======== SUPPLIED DATA
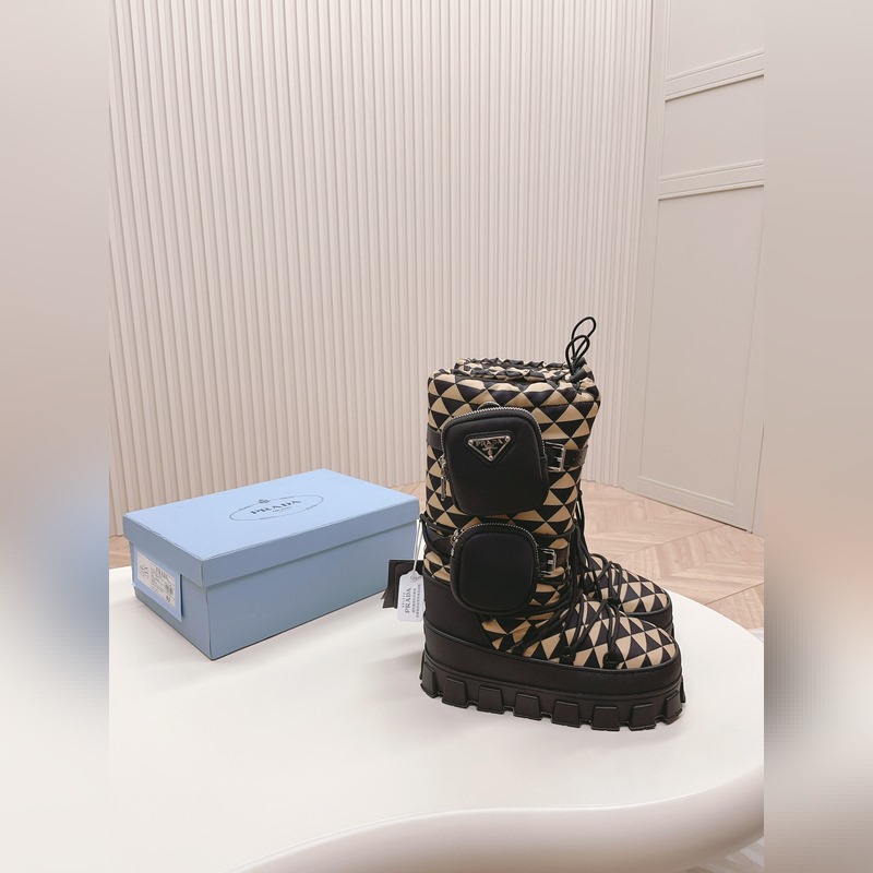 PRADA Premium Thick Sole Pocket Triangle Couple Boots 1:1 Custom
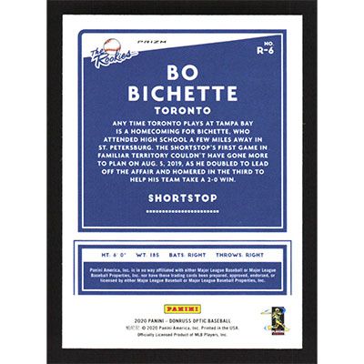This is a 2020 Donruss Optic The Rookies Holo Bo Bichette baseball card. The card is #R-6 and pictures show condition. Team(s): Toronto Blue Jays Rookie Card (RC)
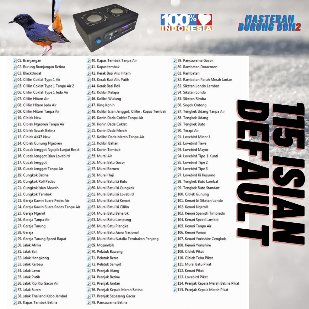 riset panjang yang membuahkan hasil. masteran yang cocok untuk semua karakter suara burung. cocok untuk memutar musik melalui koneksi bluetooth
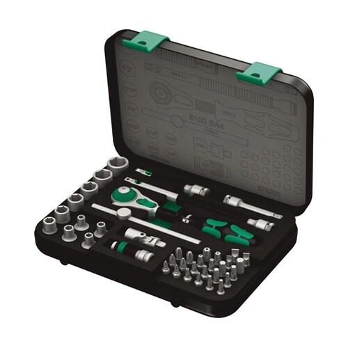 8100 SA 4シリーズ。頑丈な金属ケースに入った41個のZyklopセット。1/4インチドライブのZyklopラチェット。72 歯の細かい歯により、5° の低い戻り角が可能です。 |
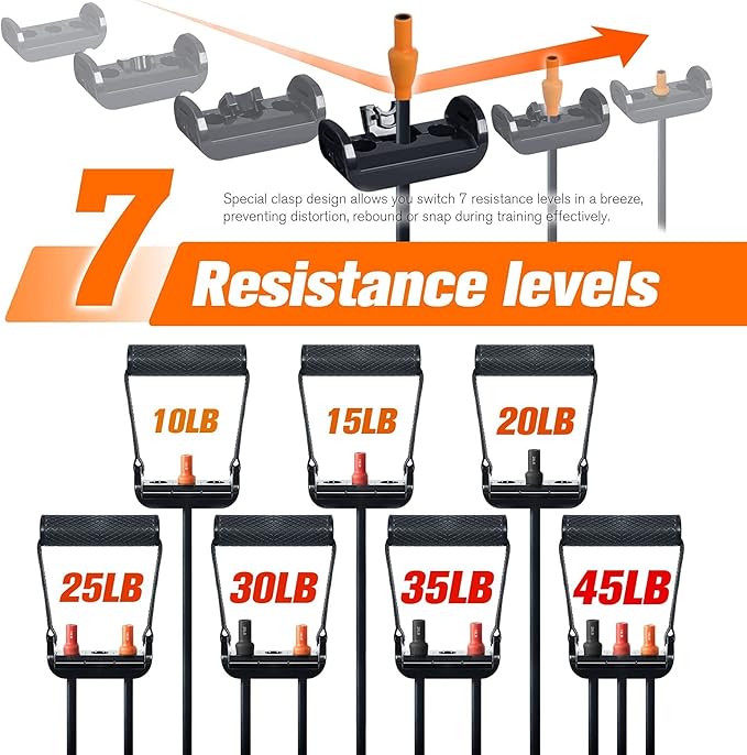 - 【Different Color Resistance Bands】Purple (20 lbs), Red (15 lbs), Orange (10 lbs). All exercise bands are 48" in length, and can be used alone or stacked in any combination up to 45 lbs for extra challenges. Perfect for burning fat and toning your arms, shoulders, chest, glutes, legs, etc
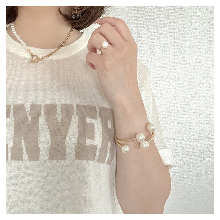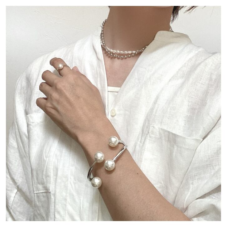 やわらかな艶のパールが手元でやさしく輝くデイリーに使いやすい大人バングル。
================
TASK ITEM: The copy should start at the line that contains "riset panjang yang", end at the last line of the entries above, and match each line exactly, with pictures dropped.

EXERCISE ANSWER:
 riset panjang yang membuahkan hasil. masteran yang cocok untuk semua karakter suara burung. cocok untuk memutar musik melalui koneksi bluetooth
 8100 SA 4シリーズ。頑丈な金属ケースに入った41個のZyklopセット。1/4インチドライブのZyklopラチェット。72 歯の細かい歯により、5° の低い戻り角が可能です。 |
 - 【Different Color Resistance Bands】Purple (20 lbs), Red (15 lbs), Orange (10 lbs). All exercise bands are 48" in length, and can be used alone or stacked in any combination up to 45 lbs for extra challenges. Perfect for burning fat and toning your arms, shoulders, chest, glutes, legs, etc
 やわらかな艶のパールが手元でやさしく輝くデイリーに使いやすい大人バングル。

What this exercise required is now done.